Estimating the Gender Ratio of AI Researchers Around the World

Written with Simon Hudson

Anyone in the industry or going to prominent Artificial Intelligence conferences can tell you that a gender imbalance exists, but we felt more rigorous research was important to drive the conversation forward and accelerate correcting this imbalance. As a follow up to The Global AI Talent Pool Report on jfgagne.ai released in February, we worked with WIRED who was also interested in looking more deeply at the state of diversity in the AI expert talent pool. For the article, we worked in collaboration with Tom Simonite of WIRED to delve further into the research by adding the dimension of gender and country to the original report’s data.

In our study, we focused on the 4000 researchers who have been published at the leading conferences NIPS, ICML, or ICLR (see the second half of this post for our methodology).The following graph lays out our results:

While similar studies have been conducted on the technology or startup worlds, we have not seen anyone measure the diversity in the Machine Learning research community at this broad scale.

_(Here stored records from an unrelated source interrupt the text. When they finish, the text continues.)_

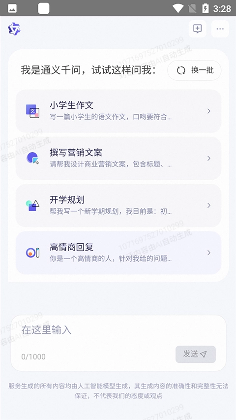 2、进入通义千问页面后,你可以通过提供关键词,让它生成你想要的文章内容。
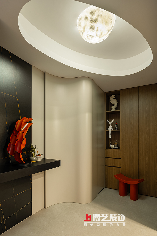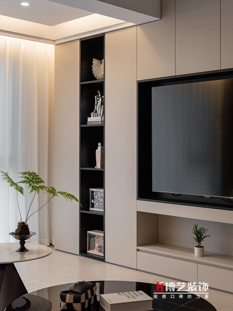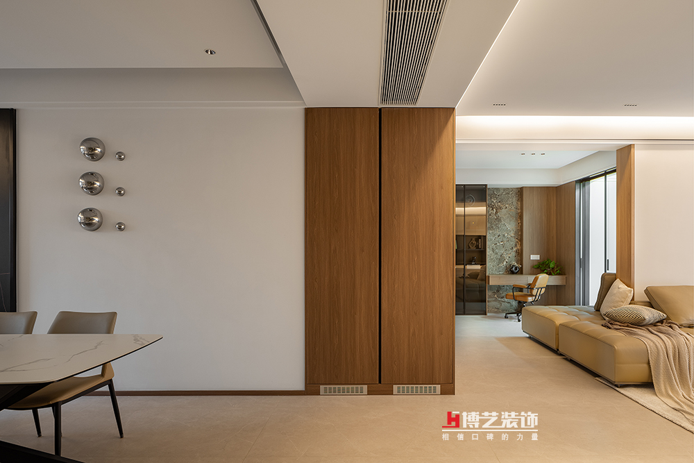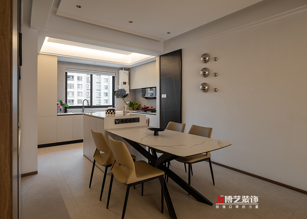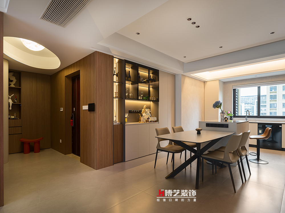 扩大餐厅空间后,餐导一体的打造让就餐仪式有了多种选择。在餐边柜的打造上,则采用“藏露结合”的方式,满足颜值,实用等多种功能,实现让收纳也成为空间美学的一部分。
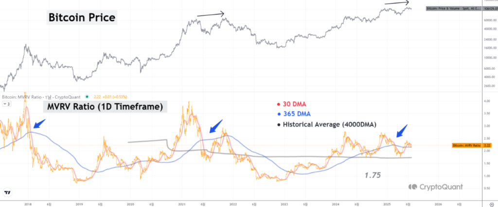 Индикатор MVRV пока не указывает на разворот цены биткоина, однако текущая фаза роста, вероятно, приближается к завершению. Такое мнение высказал аналитик CryptoQuant под ником Yonsei_dent.
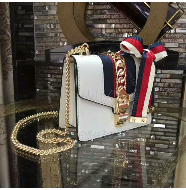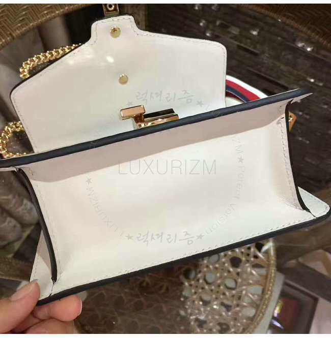 [스페셜오더]GUCCI-431666 8605 구찌 Sylvie 가죽 나일론 web 리본 장식 미니 체인백 화이트

It is our hope that by knowing just how skewed these numbers are, it will be easier to see how much of a challenge the industry has to create balance. In essence, we hope this increased clarity spurs greater action throughout the Artificial Intelligence sector.

We don’t think it would be fair to publish the ratios of various countries and not share our own numbers. Across Element AI we have 32% representation of women, matched with 30% women in leadership positions. On our technical and scientific teams, the average is 21% women, with 20% in leadership positions. Diversity of course goes beyond gender, and we continue to conduct internal research on diversity and share it across the company.

The Element AI gender ratio is about double the average, and we are especially proud of the representation we have in leadership heading up large groups of people. However, we do not want to give the illusion that we’ve overcome the challenge building a diverse workplace. We think it important to continually evaluate ourselves and to support internal initiatives and diversity events that promote real progress.

Methodology

Given the sensitivity on this subject, we felt it important to share our methodology for estimating the gender balance in the global talent pool.

To update the initial data set, we scraped the names of everyone presenting either at NIPS, ICML or ICLR in the last year and paired them with information pulled from Google Scholar. We then passed the list through Mechanical Turk to find their affiliation location (currently associated university or business). The list was passed three times in Mechanical Turk to ensure a high level of confidence; all cases that had variability were then checked manually in-house.

With this information, it was possible to regroup names based on geographic clusters. It is important to note that this does not inform us on the nationality of each individual, but rather gives us a weight for each institution and thus each geographic location. The reasoning is that we were not looking into individual data, but instead institutional trends.

Of the 4000 names, only 17% come from private businesses meaning that while this sample is representative of the overall research community, we would be hesitant to say it is representative of the “business research lab” sub-section. As an added point, a certain amount of noise exists in this sub-group of people working at private labs; it was not always possible to find the specific research location an individual worked.

The more complicated cases, about 12% of the business group names, were all from the big tech companies (Google, Facebook, etc.) and were put in the Silicon Valley group. We based this decision on the fact that adding them into that group did not change the men-women ratio of the region. We also have a working hypothesis that the hiring policies of these companies stay consistent region to region, but left this point to be validated in later research.

In determining gender, we kept simple binary categories for simplicity as most academic bios don’t go into any depth on the subject. Determining gender was based on the use of gendered pronouns in the authors’ descriptions to reflect self-identification by the author. When this method was not possible (about 1% of cases out of the total), an educated guess was made based on the name and appearance. While it is more error prone to not depend on self-reported gender, we determined the size of the subgroup was small enough to justify the methodology.

Special thanks to Tom Simonite, Gregg Delman, Negar Rostamzadeh and Wei-Wei Lin for the graph.


*A few plugs of events we’ve been involved in: Women in Machine Learning workshop at NIPS (2017); Women in Computer Vision workshop at CVPR (2017); Women in Deep Learning (WiDL) co-founded by our own Negar Rostamzadeh in 2016; and mentors for the MISE Ghana Foundation in 2017 and 2018.